There’s also a wonderful encounter with Lemmy from Motorhead (of all people).



Books I’ve always thought that the way to tell if you’ve become a lifelong fan of something is if you can see which parts of it are a bit rubbish. Guardianista Emma Brockes spends an awful lot of her book What Would Barbra Do? listing the kinds of musicals she loathes and exactly why, an overblown chorus here, piss poor plotting there. She hates Rent (we’ll forgive her) and the movie version of Phantom of the Opera but has a surprising amount of time for the stage version. Yet, because she’s a fan, she slates them with a passionate intelligence, explaining perfectly convincingly why they don’t work and throughout you can see that she probably still loves them for all that. She says The Sound of Music isn’t her favourite piece of work but still takes the pilgrimage to Saltzburg to see where the exteriors were shot (which is one of the funniest parts of the books as she describes in agonising detail the other tourists accompanying her on the coach).

I've written before about where I stand with musicals; the bullet points are: love Sondheim, love Rogers and Hammerstein, love Porter, love Coward, love Whedon, hate Lloyd-Webber. Brockes caught the bug in childhood through weekly trips to the west end with her mother and a school friend through their mutual love of Mary Poppins, but it was really during her teenage years that she realised that no other genre would be quite as inspiring, that Rogers and Hammerstein rocked her showboat more than the top forty and indie. The book is mostly a memoir, charting that interest into adulthood and a hundred nights at the theatre or in front of the tv watching fledgling actresses within the fiction and not, expressing their emotion in song. Threaded in between are ruminations on why some men hate musicals, why a lot of women love them and why the worst place to see most of them is in a theatre with people who are clearly agnostic.

The interviews are best.
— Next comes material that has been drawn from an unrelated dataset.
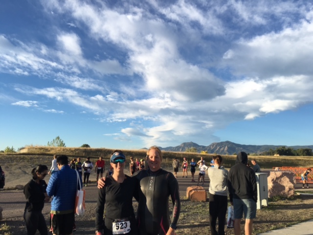 Warm down: Slip n slide! Water! Hung out with Michelle and TJ as we watched for Mary to come through on lap 1 of her run. Just before we saw her is when the crazy wind burst blew through, it's truly amazing no one got hurt by crashing bikes/racks or the airborne Slip n Slide. We cheered her through, then I got changed and got some fish tacos, beans and rice. Yum!! We chilled until she finished her race which was such a wonderful, wonderful experience, seeing her finish such a feat! Our faithful Sherpas (and us!) definitely deserved the pizza and beer we had at Kokopelli's afterward! Big, big thanks to TJ and Michelle for all their support throughout the day, and patience, too! It was so fun getting to spend time with TJ and Mary who I met through the manatee group. And really, it's Mary's 'fault' I even did the race and went to CO! I also got very sunburned despite putting 50 SPF sunblock on before I put my wetsuit on. I think maybe the wetsuit rubbed it off, especially on my shoulders. I burn easily anyway. In hindsight, maybe slapping more sunblock on in T1 would've been worth it! What limited your ability to perform faster: Being unsure of how the climate would affect me and also not being acclimated to the altitude. Plus the usual, carrying around some extra weight. One of these days that won't be listed as a reason! Event comments: Nice race, nice swag, nice course. The weather can't be helped. I'd definitely do this race again! Last updated: 2016-02-29 12:00 AM

She meets a Streisand impersonator who's perennially disappointed by his idol and one of Mickey Rooney’s many sons (the actor has had eight wives) himself a choreography but whose life story, spread across four pages is too much of an exciting left turn to be spoiled here. There’s also a wonderful encounter with Lemmy from Motorhead (of all people), where he gives his own sweary opinion of the genre. But there’s not really a dull passage; Brockes offers a ramshackle collection of stories and analyses that are far more engaging than a definitive history might have been and even when she’s offering little more than a synopsis you get the impression that its probably as entertaining as the musical itself (thank god I’ll never have to watch Xanadu now). It’s like spending an evening having a once sided conversation with a friend and you don’t notice you’re not actually speaking because you’re enjoying yourself so much. In other words, even if you don’t quite share the writer’s passion for musicals, by the end you’re dying to see a lot more of them.